Mobile Phone Number Directory Raises Privacy Issues
You know those little tick boxes that you get on everything nowadays that ask you to check (or uncheck) you are happy to have you details sold across the world? Well have you ever wondered what happens if you don’t (or do) select that option? Well here’s an answer, you get included in a mobile phone number directory.
Since 2007 Connectivity (the company behind the directory enquiries service 118 800) have been through a load of these lists and managed to compile a list of around 15million mobile phone numbers which will now be accessible through the website and via the landline number.

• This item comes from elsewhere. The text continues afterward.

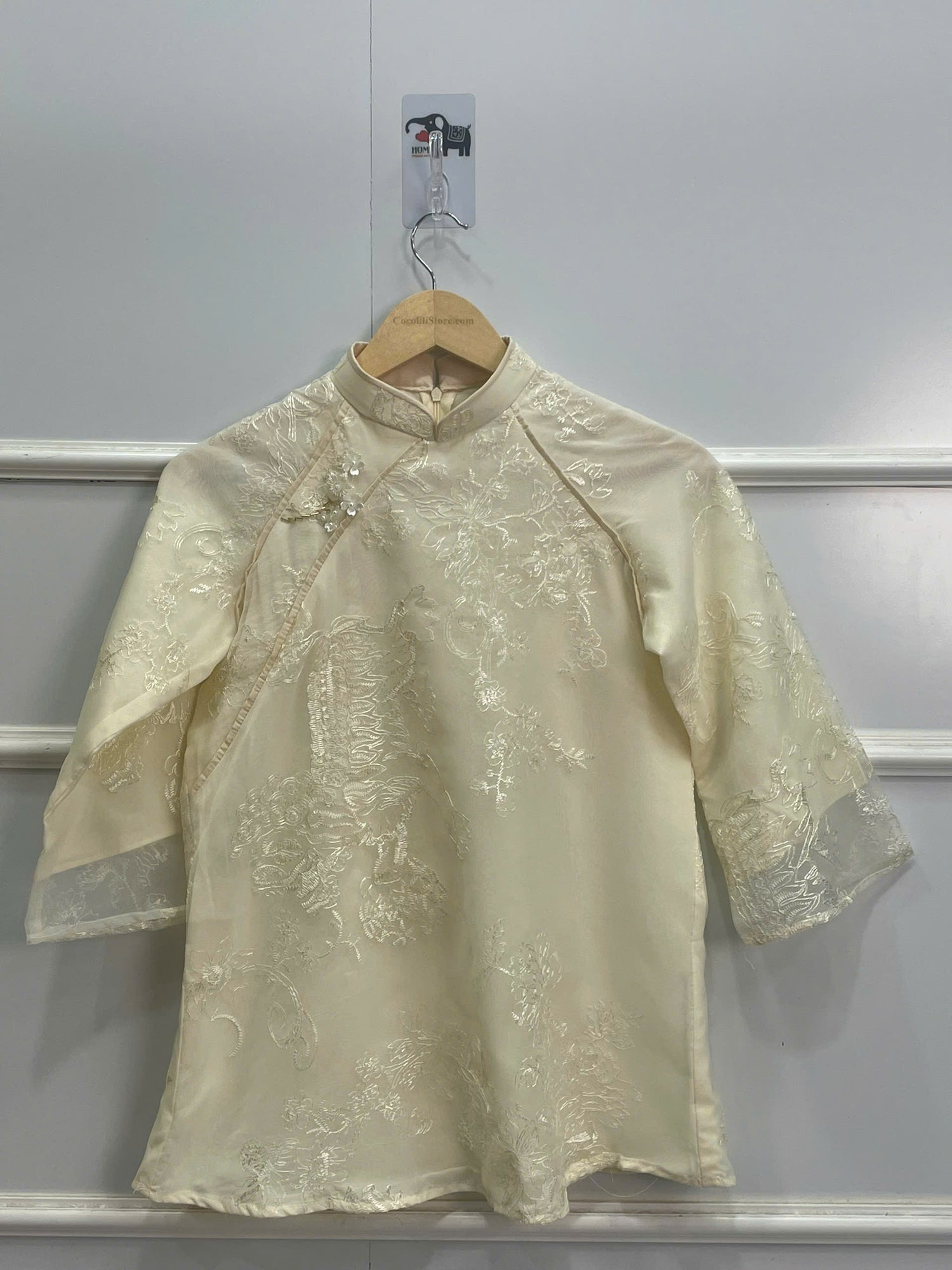 PP91 1363 Áo + quần - Bộ pháp phục màu kem thêu đính kết

Shona Forster, 118800’s Marketing Director defended this tactic by saying “We are accessing data in the same way that lots of other companies do for marketing purposes… The difference is that we don’t use that data for marketing purposes and we don’t sell it on to anybody else”.
There are a few obvious problems with this the most blatant being one of privacy. Surely it is an invasion of our civil liberties to ‘harvest’ these numbers and put them into a database which people can access without our permission? Apparently not, although interestingly the original intention was to contact everyone to ensure that they wanted to opt into the system but that was quietly dropped (probably because they realised that no one would say yes!).
In fact this probably would be verging on the illegal if it wasn’t for that the fact they don’t physically give you the number, rather they contact the phone in question (either by phoning if you use the 118 800 number, or by texting if you choose to do it through the website) and ask them whether they are happy to be put through – much akin to the method used by reverse charge calls.